_Source material_
········
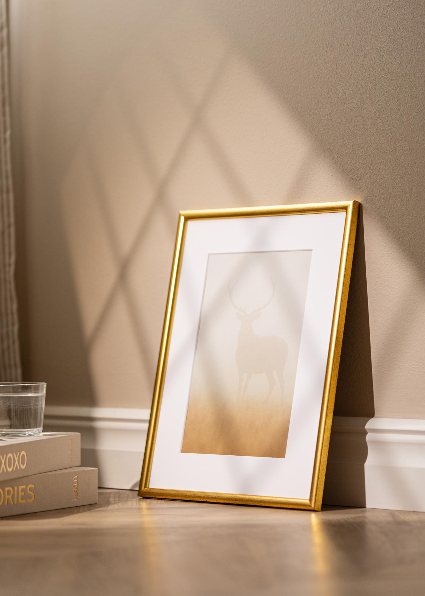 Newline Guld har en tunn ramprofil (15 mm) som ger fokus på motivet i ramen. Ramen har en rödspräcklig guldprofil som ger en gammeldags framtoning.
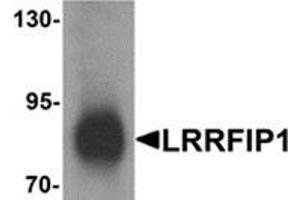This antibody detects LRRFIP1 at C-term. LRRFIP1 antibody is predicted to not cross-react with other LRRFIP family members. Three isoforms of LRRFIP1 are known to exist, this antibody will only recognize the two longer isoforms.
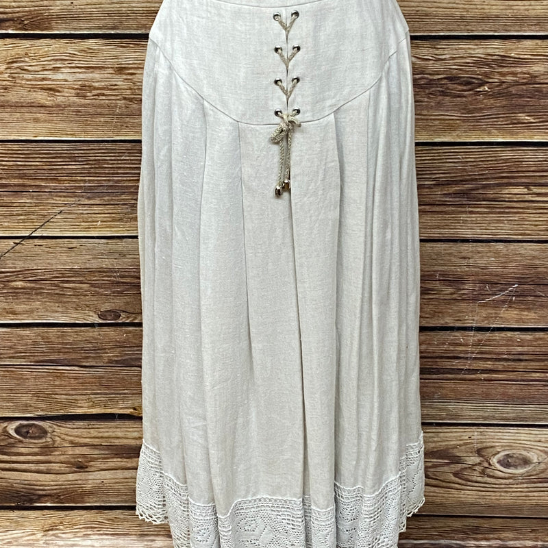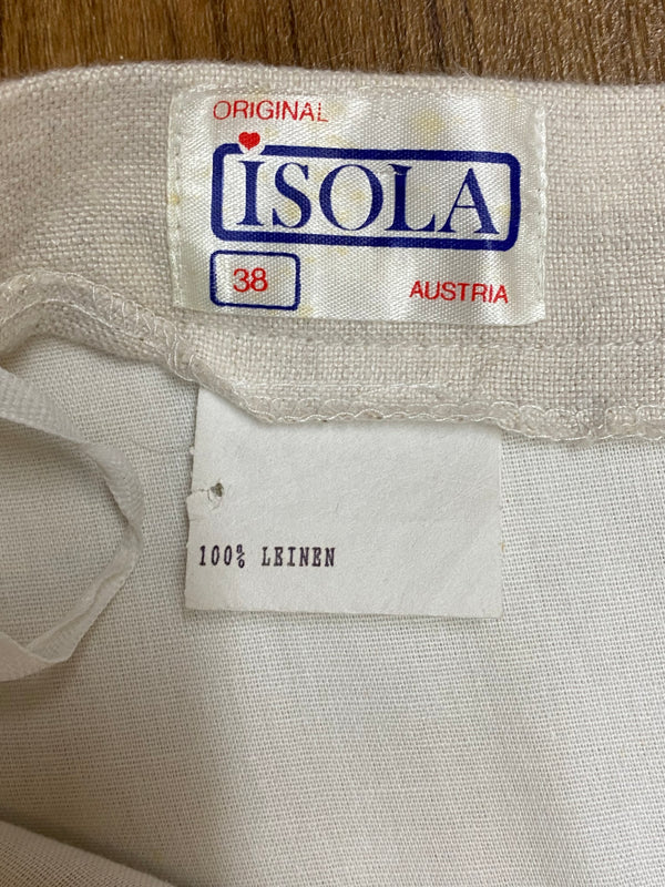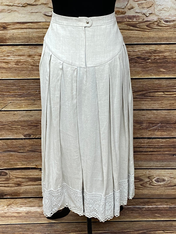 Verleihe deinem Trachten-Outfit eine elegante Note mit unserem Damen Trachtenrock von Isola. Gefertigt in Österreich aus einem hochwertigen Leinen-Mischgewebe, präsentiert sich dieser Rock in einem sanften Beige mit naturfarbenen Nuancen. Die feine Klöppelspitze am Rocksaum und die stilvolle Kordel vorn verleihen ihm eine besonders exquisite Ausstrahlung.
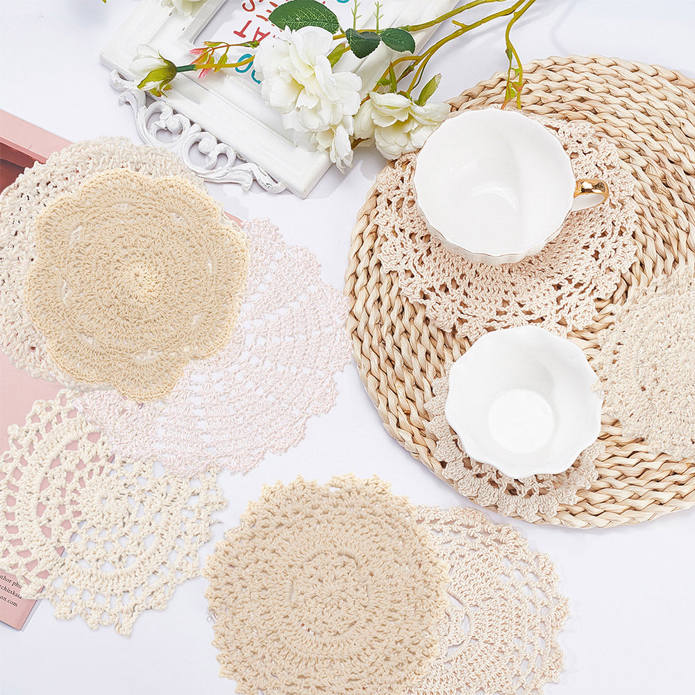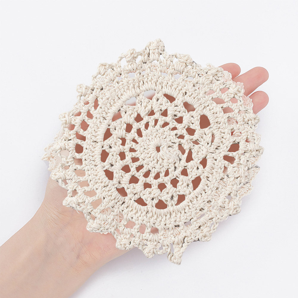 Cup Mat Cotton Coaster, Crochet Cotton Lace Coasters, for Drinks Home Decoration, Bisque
········
_Exercise brief_
Beginning at the line with "This antibody detects" and ending at the last line of the listing above, retype each line exactly, including those two lines. Leave the pictures out.

_Exercise response_
This antibody detects LRRFIP1 at C-term. LRRFIP1 antibody is predicted to not cross-react with other LRRFIP family members. Three isoforms of LRRFIP1 are known to exist, this antibody will only recognize the two longer isoforms.
 Verleihe deinem Trachten-Outfit eine elegante Note mit unserem Damen Trachtenrock von Isola. Gefertigt in Österreich aus einem hochwertigen Leinen-Mischgewebe, präsentiert sich dieser Rock in einem sanften Beige mit naturfarbenen Nuancen. Die feine Klöppelspitze am Rocksaum und die stilvolle Kordel vorn verleihen ihm eine besonders exquisite Ausstrahlung.
 Cup Mat Cotton Coaster, Crochet Cotton Lace Coasters, for Drinks Home Decoration, Bisque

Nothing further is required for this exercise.